▶ WHAT TO DO: Only the pictures are to be dropped; return all other data below exactly.

▶ TASK INPUTS:
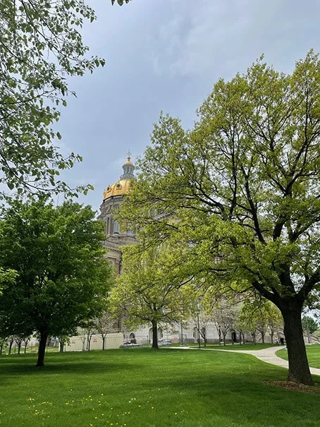 The Iowa State Capitol is located in downtown Des Moines, IA near East Village—a fantastic part of the city where I ended up staying. This capitol building is magnificent and the grounds on Capitol Hill are lovely. Des Moines is great, too!
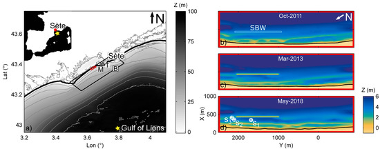 - Bouvier, C.; Balouin, Y.; Castelle, B. Nearshore bars and shoreline dynamics associated with the implementation of a submerged breakwater: Topo-bathymetric analysis and video assessment at the Lido of Sète beach. In Proceedings of the Coastal Dynamics, Helsingør Denmark, 12–16 June 2017; pp. 534–543. [Google Scholar]
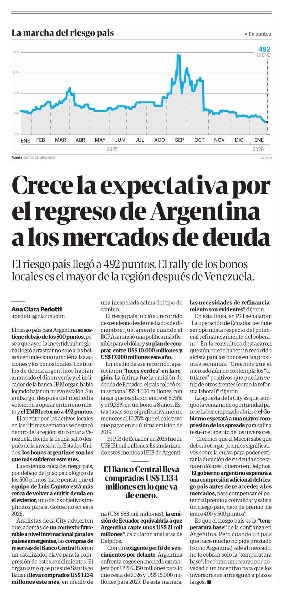 CLARÍN – Crece la expectativa por el regreso de Argentina a los mercados de deuda
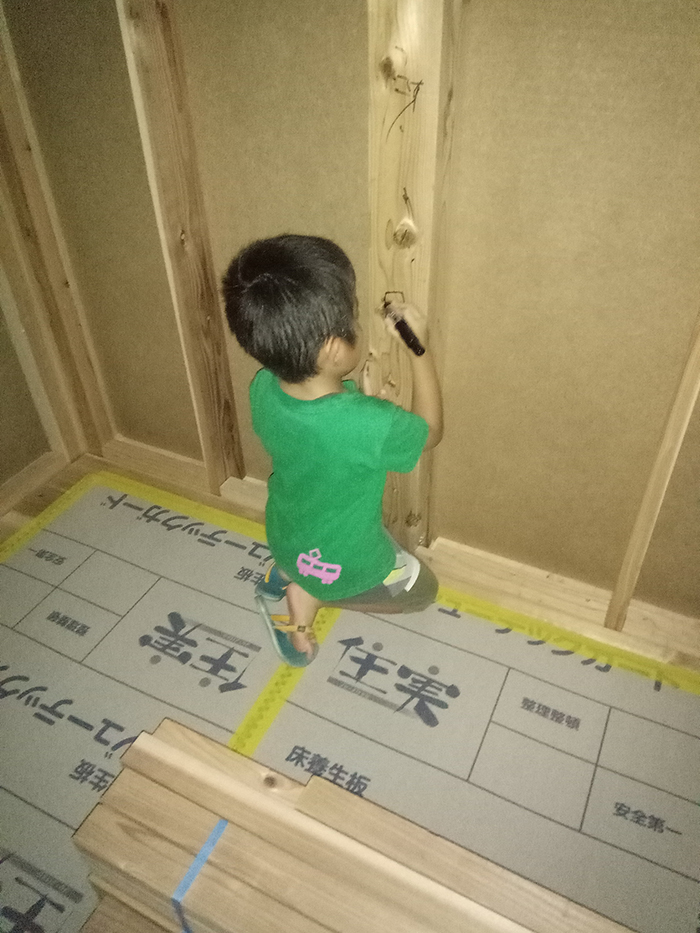 セイケンハウスでは、完成したら見えなくなってしまう壁の内側や、柱を選んで記念になる一言を施主様に書いていただいてます(*’▽’)♪
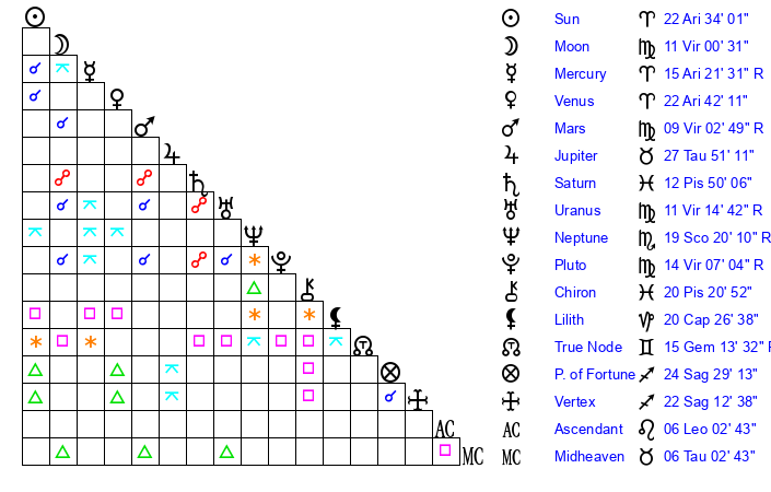 | Sun | 22 Aries 34 | 23 Aries 2 | 20 Gemini 32 |

▶ SOLUTION TO THIS TASK:
 The Iowa State Capitol is located in downtown Des Moines, IA near East Village—a fantastic part of the city where I ended up staying. This capitol building is magnificent and the grounds on Capitol Hill are lovely. Des Moines is great, too!
 - Bouvier, C.; Balouin, Y.; Castelle, B. Nearshore bars and shoreline dynamics associated with the implementation of a submerged breakwater: Topo-bathymetric analysis and video assessment at the Lido of Sète beach. In Proceedings of the Coastal Dynamics, Helsingør Denmark, 12–16 June 2017; pp. 534–543. [Google Scholar]
 CLARÍN – Crece la expectativa por el regreso de Argentina a los mercados de deuda
 セイケンハウスでは、完成したら見えなくなってしまう壁の内側や、柱を選んで記念になる一言を施主様に書いていただいてます(*’▽’)♪
 | Sun | 22 Aries 34 | 23 Aries 2 | 20 Gemini 32 |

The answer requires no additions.